REQUIRED WORK ::
Once the line with "Njal er af creme" is found in the entries below, print it and each following line exactly, stopping after the line with "It would be"; print nothing else.

DATA FOR ANALYSIS ::
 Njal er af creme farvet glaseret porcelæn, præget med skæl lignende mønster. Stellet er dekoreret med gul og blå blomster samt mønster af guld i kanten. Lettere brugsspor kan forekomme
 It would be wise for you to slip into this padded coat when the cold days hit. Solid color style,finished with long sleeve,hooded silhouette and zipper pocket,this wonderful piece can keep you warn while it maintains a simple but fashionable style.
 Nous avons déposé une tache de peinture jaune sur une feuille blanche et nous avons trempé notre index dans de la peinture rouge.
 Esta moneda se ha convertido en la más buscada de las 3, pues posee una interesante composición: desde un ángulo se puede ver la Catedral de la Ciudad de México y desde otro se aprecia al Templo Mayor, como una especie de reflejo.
* * *
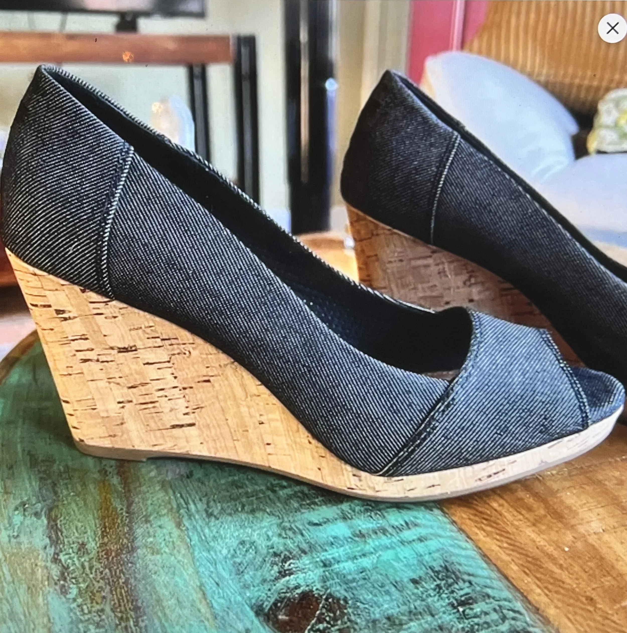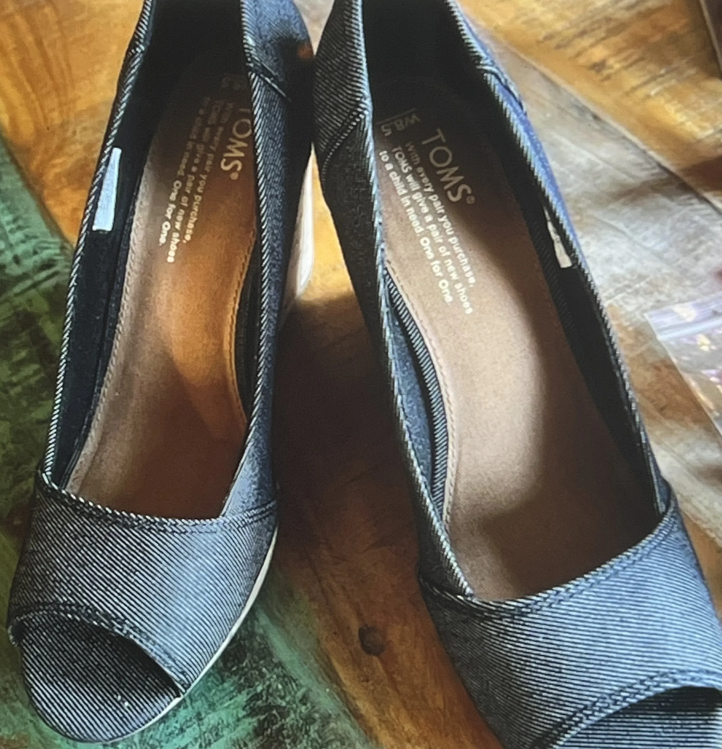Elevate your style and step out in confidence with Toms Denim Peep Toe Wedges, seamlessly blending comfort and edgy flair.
...
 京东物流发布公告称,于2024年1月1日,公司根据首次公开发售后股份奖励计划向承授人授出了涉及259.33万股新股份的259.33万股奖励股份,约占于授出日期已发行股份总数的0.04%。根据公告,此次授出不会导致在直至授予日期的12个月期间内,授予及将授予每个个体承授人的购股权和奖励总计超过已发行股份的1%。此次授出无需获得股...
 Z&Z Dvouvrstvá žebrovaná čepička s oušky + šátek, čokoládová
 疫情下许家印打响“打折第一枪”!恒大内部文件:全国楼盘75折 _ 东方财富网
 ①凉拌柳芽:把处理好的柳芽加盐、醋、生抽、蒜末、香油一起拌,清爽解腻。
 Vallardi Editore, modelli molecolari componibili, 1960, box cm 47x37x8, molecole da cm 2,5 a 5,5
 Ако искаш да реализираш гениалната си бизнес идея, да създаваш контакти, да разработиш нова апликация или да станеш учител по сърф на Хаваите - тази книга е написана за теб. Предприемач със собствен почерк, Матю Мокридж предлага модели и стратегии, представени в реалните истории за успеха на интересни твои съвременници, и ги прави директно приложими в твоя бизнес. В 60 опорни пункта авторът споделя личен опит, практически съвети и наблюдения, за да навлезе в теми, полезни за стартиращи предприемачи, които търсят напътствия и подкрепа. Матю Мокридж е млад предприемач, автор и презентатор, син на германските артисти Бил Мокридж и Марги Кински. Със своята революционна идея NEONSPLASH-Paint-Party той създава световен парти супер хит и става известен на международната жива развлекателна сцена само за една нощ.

SOLUTION FOR THIS PROBLEM ::
 Njal er af creme farvet glaseret porcelæn, præget med skæl lignende mønster. Stellet er dekoreret med gul og blå blomster samt mønster af guld i kanten. Lettere brugsspor kan forekomme
 It would be wise for you to slip into this padded coat when the cold days hit. Solid color style,finished with long sleeve,hooded silhouette and zipper pocket,this wonderful piece can keep you warn while it maintains a simple but fashionable style.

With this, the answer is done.